One viable solution is the inverted lease structure, in which the tax equity partner is one entity (the lessee) and the assets and manager of the assets are another (the lessor). SolarCity’s July 2014 securitization was built around the inverted lease structure. By separating tax equity from the lessor position (the issuer side), the issuer can mitigate many of the risks the rating agencies are most concerned about. Some of these risks involve pledged assets and control rights.

“Whenever you try to build something on top of existing tax equity, you’re at a negotiating disadvantage and trying to have them to pry their hands off of rights,” Borod said. “If we agree on structures set up from the onset to get tax equity and securitization lined up properly the day you start accumulating assets, you’ll solve the problem.”

Finding Alternative Financing

While these challenges still exist, alternative financing options are available to developers. Alternative investors, most notably traditional utility-scale project finance commercial bank lenders that are accustomed to banking large wind farms, are entering the distributed generation space. Sunrun has completed three back-levered transactions and has raised over $100 million.

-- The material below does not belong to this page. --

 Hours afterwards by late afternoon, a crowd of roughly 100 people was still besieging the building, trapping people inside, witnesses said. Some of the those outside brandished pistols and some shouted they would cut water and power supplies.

Although these commercial lenders are new to consumer credit in this space, said Abajian, a few deals are complete. Understanding consumer credit is one of the biggest challenges commercial lenders face. Banks are used to working with an investment-grade utility offtaker paying for electricity at a wholesale price that is not expected to default. Now, they are dealing with 4000-5000 offtakers with the risk of default.

An offtaker is defined as a buyer who purchases the product that a project delivers. The offtaker makes an agreement with the project developer regarding the price and volume of the purchase. This provides the project developer with stable funds to repay debt, cover operating costs, and provide a return to the project sponsors.

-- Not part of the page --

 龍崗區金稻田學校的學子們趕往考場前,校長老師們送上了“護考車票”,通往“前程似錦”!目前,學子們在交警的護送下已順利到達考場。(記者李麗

A healthy appetite for new deals remains. “The entry of commercial banking into distributed generation a year ago has caused a massive spread compression in our asset class, to the tune of 400-500 basis points. That market is healthy and will satisfy industry’s need for some time, but as volume grows and we continue to see 50- to 100-percent growth rates and new customer originations, that market will not be as scalable.”

Spread compression occurs when the price of a bond goes up and therefore, the yield goes down.

Basis points are defined as 1/100 of a percent and are a unit used in the financial industry to describe the value of a yield, equity index, or interest rate.

“Ultimately, we all sit here and agree we need to get into capital markets, but today there are alternative forms that work better with tax equity,” Abajian said. “Other tax equity structures that accommodate investment-grade debt are the ones we’ll have to shift to over time to keep raising massive amounts of capital.”